Tenants who owe over €70,000 in rent arrears can spend Christmas in house

Tenants blame Covid-19 for not paying €2,500-a-month rent for over three years

The four will be allowed to remain in Belmayne, North Dublin, until mid-February despite their rent arrears. Photograph: Aidan Crawley
The four will be allowed to remain in Belmayne, North Dublin, until mid-February despite their rent arrears.
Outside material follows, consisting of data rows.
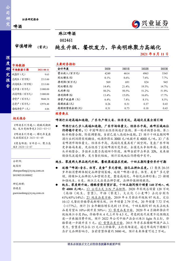啤酒行业 珠江啤酒 纯生升级 餐饮渠道 高端化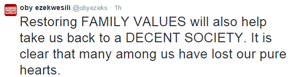 “Restoring family values will also help take us back to a descent society. It is clear that many among us have lost our pure hearts.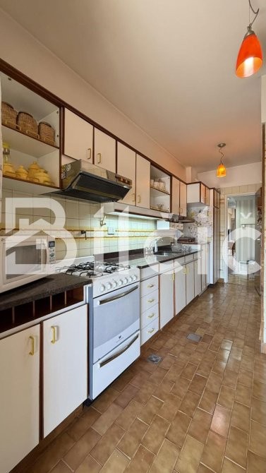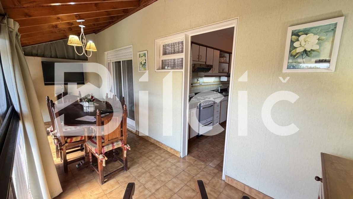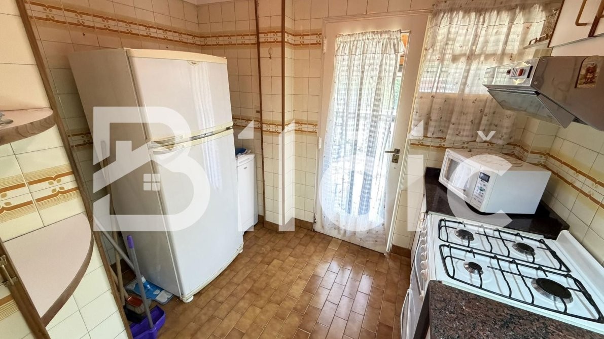 La cocina, cómoda y muy bien equipada, cuenta con espacio para una mesa tipo desayunador, ideal para el uso diario.

Photograph: Aidan Crawley

Four tenants who owe rent arrears of €70,750 will be allowed to remain in their Dublin home for Christmas after a judge put a stay on their eviction.

Barrister Arthur Cush told Judge John O’Connor in the Circuit Civil Court that the four tenants had not paid their €2,500 a month rent for just over three years.

Judge O’Connor told one of them: “I don’t believe a word you have said,” when he turned up to make excuses for having reneged on rent payments on and off since Christmas 2019 and claimed it was all down to Covid-19.

Marcin Stolarski, Klaudia Moskalweicz, Dorata Simonyan and Gregorz Wrona, all originally from Poland, signed a tenancy agreement in November 2018 with landlords Emerley59 Ltd for 14 Belmayne Avenue, Belmayne, Balgriffin, Dublin 13.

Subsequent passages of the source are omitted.